MENTAL ILLNESS: WHY MISSING PERSONS GO MISSING
I’ve written a couple posts about what to do if someone you love goes missing and how missing persons cases work. In the latter post, I covered the fact that about 95% of the time, the persons go missing by choice. What I didn’t cover is the reason why these people choose to go missing.
In the broad majority of cases, the missing person is not in their right mind.
Why would anyone in their right mind choose to put their family, friends, and loved ones through the agony of such an experience?
The answer is because in the broad majority of cases, the missing person is not in their right mind. They are suffering some sort of mental breakdown, undiagnosed mental illness, or they have gone off a psychiatric medication.
I am not a psychologist or biologist, but I have a basic understanding of the human brain. It’s a very, very fragile organ. The brain itself has the consistency of Jello, and it doesn’t take much to throw it completely out of whack. Despite what they show in movies, a single good punch to the head is often enough to cause permanent brain damage. Illegal recreational drugs alter brain chemistry in various ways, some worse than others. Sometimes the effects of drugs are benign, but sometimes they push people to the limit – and out of the realm of sanity.
In this post, I talk about a missing person who went off his medication and lost his sanity, some of the recent missing persons cases we’ve worked on, and a strange case in Denver where a 53-year-old father experienced a breakdown at a Broncos game – and was found 130 miles from the stadium.
A man missing medication in Mexico
A few years back, I posted a video about a missing persons case we had, where a 22-year-old male went off his medication, and decided to fly to Mexico. Never mind the fact that he had no knowledge of the area in Mexico City and that he didn’t even speak Spanish. Remember, these things often make zero sense:
The family found us because we are one of the only private investigative firms based in the USA that does private investigation in Mexico. They did the right thing and called us relatively quickly after they found out their son was missing. We were able to get our investigator down to Mexico City, and after working with local authorities, we were able to get the man back to a hospital, get him back on his meds, and fly him home.
In most of these cases, the missing people are usually well-liked, seemingly normal, well-adjusted, and successful career-minded individuals. It simply makes no sense that they would, in their right minds, choose to disappear willingly. So the possibility of some sort of mental break down, or foul play, is always there.
53-year-old father disappears from Broncos game
As most who read this blog know, I follow the headlines about cases outside of our investigative agency on a daily basis. I was recently fascinated by one such missing persons case where a 53-year old man vanished during a Chargers and Broncos game in Denver. His family had no idea where he could have gone or why he would have left the stadium.
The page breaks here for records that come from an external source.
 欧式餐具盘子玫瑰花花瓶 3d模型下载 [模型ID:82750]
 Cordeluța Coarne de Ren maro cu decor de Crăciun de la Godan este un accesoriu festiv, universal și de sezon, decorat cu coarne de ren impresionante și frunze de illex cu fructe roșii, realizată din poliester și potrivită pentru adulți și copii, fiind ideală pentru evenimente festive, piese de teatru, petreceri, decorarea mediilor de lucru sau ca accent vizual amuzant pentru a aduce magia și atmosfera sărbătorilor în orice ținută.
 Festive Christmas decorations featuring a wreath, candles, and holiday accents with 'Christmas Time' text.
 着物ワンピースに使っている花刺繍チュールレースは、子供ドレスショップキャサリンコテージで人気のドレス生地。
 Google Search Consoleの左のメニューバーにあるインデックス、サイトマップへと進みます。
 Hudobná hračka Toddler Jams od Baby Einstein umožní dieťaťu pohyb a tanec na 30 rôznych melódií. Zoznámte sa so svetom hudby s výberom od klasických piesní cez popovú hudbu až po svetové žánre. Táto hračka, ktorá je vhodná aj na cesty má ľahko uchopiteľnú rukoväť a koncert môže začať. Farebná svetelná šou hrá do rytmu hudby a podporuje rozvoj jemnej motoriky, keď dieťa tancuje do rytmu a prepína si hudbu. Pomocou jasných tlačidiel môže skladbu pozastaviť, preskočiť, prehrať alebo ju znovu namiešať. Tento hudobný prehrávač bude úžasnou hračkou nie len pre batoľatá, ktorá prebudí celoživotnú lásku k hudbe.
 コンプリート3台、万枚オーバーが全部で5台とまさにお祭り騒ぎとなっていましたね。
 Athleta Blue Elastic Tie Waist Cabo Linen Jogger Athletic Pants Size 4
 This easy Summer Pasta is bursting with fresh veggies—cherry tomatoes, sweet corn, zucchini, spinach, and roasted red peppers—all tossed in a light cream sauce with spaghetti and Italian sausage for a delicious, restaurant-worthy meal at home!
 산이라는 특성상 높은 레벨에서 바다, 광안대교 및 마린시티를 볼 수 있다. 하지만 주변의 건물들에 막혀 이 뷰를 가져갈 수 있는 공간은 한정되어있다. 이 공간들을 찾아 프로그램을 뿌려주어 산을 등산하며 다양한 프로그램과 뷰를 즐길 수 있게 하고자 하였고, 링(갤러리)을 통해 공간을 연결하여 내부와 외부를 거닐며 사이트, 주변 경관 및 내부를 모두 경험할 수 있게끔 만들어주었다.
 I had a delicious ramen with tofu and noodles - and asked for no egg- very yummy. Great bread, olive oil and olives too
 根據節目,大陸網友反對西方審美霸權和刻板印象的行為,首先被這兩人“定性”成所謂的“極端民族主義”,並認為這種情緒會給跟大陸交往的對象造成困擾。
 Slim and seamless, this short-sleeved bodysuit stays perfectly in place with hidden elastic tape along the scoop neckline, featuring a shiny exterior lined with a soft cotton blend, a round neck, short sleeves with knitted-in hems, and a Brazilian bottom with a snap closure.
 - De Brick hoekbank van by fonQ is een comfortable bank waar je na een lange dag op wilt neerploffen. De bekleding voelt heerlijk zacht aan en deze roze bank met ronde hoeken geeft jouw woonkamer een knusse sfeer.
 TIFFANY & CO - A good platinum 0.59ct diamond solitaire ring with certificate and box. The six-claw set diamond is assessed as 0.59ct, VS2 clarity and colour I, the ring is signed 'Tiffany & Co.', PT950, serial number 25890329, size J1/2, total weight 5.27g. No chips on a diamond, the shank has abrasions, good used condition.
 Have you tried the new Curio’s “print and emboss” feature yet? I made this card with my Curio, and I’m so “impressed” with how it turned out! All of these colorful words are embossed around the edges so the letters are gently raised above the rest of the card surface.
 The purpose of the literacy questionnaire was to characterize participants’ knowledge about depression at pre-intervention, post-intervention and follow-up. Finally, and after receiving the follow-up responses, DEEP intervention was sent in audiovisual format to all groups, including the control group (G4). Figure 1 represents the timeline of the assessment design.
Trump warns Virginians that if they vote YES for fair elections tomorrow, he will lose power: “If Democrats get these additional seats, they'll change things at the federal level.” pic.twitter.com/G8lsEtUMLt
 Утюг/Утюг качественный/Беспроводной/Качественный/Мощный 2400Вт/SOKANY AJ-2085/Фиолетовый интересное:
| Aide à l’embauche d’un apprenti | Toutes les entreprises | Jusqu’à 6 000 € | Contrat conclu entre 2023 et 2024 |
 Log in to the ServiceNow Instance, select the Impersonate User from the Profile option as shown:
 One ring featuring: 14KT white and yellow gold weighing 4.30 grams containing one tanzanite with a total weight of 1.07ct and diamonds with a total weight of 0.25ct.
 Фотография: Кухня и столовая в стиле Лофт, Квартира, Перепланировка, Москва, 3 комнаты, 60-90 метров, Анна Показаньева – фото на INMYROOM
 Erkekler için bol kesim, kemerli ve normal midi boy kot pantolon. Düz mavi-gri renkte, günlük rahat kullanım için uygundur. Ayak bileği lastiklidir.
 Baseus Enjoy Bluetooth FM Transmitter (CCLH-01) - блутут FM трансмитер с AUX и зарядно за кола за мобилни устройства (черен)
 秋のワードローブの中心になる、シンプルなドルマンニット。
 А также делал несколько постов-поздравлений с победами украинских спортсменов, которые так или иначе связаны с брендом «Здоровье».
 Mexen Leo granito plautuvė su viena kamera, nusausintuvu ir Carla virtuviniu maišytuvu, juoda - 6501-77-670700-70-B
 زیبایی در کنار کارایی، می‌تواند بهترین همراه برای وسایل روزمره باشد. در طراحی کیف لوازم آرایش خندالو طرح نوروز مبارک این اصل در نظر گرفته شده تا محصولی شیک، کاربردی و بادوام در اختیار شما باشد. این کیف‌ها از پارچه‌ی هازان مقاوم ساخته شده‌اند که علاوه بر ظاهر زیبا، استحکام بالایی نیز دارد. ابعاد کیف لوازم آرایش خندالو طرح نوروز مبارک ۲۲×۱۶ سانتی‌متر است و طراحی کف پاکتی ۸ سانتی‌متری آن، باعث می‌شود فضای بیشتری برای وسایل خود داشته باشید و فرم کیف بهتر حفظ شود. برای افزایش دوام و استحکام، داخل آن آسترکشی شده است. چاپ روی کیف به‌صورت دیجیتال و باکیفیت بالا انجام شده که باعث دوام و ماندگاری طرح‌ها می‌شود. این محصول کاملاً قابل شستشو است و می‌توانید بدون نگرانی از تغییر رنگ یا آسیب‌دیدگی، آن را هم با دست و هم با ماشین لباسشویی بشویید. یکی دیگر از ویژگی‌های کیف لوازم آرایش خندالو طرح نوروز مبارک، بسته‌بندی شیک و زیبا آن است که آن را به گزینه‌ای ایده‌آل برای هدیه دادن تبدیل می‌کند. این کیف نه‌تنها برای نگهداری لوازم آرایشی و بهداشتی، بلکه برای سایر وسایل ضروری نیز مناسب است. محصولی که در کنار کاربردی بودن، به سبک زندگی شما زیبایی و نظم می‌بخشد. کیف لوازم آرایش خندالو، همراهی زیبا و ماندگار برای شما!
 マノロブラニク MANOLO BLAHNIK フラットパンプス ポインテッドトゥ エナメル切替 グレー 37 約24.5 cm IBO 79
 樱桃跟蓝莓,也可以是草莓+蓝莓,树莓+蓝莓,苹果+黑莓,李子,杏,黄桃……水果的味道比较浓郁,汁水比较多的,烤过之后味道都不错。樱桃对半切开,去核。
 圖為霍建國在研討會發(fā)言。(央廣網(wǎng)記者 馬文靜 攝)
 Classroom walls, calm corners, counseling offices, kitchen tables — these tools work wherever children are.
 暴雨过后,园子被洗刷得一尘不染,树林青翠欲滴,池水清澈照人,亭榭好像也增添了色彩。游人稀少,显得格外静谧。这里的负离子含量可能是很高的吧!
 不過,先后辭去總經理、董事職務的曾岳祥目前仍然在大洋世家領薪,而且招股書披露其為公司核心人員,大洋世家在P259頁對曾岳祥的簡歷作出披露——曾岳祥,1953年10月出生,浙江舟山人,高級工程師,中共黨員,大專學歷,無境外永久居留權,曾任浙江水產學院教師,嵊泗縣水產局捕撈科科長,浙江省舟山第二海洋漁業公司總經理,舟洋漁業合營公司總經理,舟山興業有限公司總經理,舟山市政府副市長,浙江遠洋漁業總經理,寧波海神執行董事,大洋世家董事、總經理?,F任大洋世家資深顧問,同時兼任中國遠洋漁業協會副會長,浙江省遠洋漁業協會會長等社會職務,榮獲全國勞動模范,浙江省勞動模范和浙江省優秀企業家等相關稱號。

According to what Mr. Kitterman told his friend Tia Bakke, he was extremely excited to be seeing his first in-person Denver Broncos game, and he was very happy to be sharing that experience with his adult stepson. Bakke and Kitterman traveled to Denver with Kitterman’s stepson Jarod. Kitterman got up from his seat to go and meet some friends who were coming to the game. However, Kitterman never returned.
The group searched the grounds until 1AM, hoping they would find the missing man. They had no luck though, and then they had to head back to Kremmling. They said that he didn’t know many people in Denver, and that he had taken off to go to the stadium without his own vehicle, without credit cards, and without a cell phone. The police in Denver filed a missing persons report and helped the family with the investigation. They said that they did not feel as though there was a crime involved in the case, since they had no evidence that pointed toward any suspicious or violent activity.
After several days of searching, Kitterman was found… in Pueblo, a city nearly 130 miles away from Denver.
He said that he ‘had his fill of football’, and he decided to take off.
Police took him in for a medical exam. The doctors said that, aside from being tired and having trouble walking, he was fine. Kitterman went on to tell the police that he hadn’t watched television in a few days, and he did not even know that people were looking for him.
The tip that led the police to his location came from a friend’s ex, who had picked him up at the Salvation Army in Pueblo and who then dropped him off at a hotel. After talking with him, the police decided not to file any charges, since he’s an adult and is able to travel if he wants, even if it does cause concern for his family.
NBC KUSA later reported, “Kitterman suffered some kind of breakdown and that they would be seeking medical help for him once he had rested.”
You can’t assume
As a professional private investigator, it’s frustrating to me when things don’t make sense. I can follow a trail of credit card transactions, but when the person throws his wallet down the storm drain for no logical reason, cases get a little harder.
Even after 40 years of doing this, I still have to remind myself that the actions of the person I’m looking for very likely do not make much sense.